= Reeves College =

Reeves College is a private for-profit post-secondary facility with five campuses in Alberta, Canada. The college specializes in training students for business, art and design, legal and health care related careers in under two years. Programs are developed in direct consultation with the business and health care communities to satisfy industry demands for certain skill sets. The college continuously accepts applications for enrolment in the next session of each certified career program.

==Campus locations==

- Calgary City Centre
- Calgary North
- Edmonton
- Lethbridge
- Lloydminster

==History==
Reeves College was founded in 1961 in Lloydminster, Alberta by C.J. Reeves. Reeves developed secretarial programs based on his experiences as a secretary and instructor. Programs were designed to train the whole individual. Therefore, key curriculum elements included practical skill development (typing, dictation, etc.) as well as professionalism and personal deportment. The college quickly gained a reputation for cultivating knowledgeable business office professionals as local businesses began hiring Reeves College graduates.
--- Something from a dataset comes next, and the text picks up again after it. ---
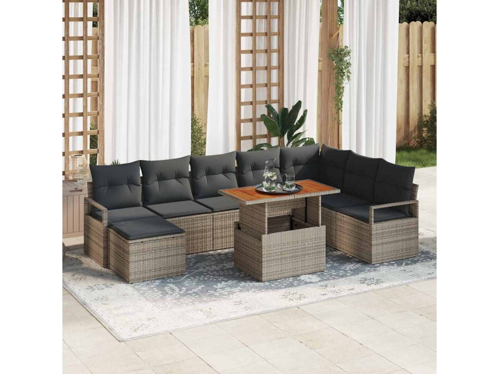 Súprava záhradných pohoviek s vankúšom 9 pcs Sivá a hnedá 3349747

In 2003, the Eminata Group purchased Reeves College and introduced health care career programs. In 2004, Reeves College opened a campus in downtown Edmonton, Alberta. The Calgary campus opened in 2006. In 2008, the college opened a second campus in Calgary and a campus in Lethbridge

==Programs==
Some of the more popular programs include:
- Legal Assistant (Paralegal)
- Graphic Design
- Addictions and Community Service Worker
- Business Administration Management
- Digital, Social Media & Web Marketing
- Health Care Administration
- Hospitality Management
- Accounting and Payroll Administrator
- Education assistant program

==Affiliations==

Reeves College offers vocational training licensed under the Private Vocational Schools Act. Additionally, the college holds membership with the Alberta Association of Career Colleges (AACC) and the National Association of Career Colleges (NACC).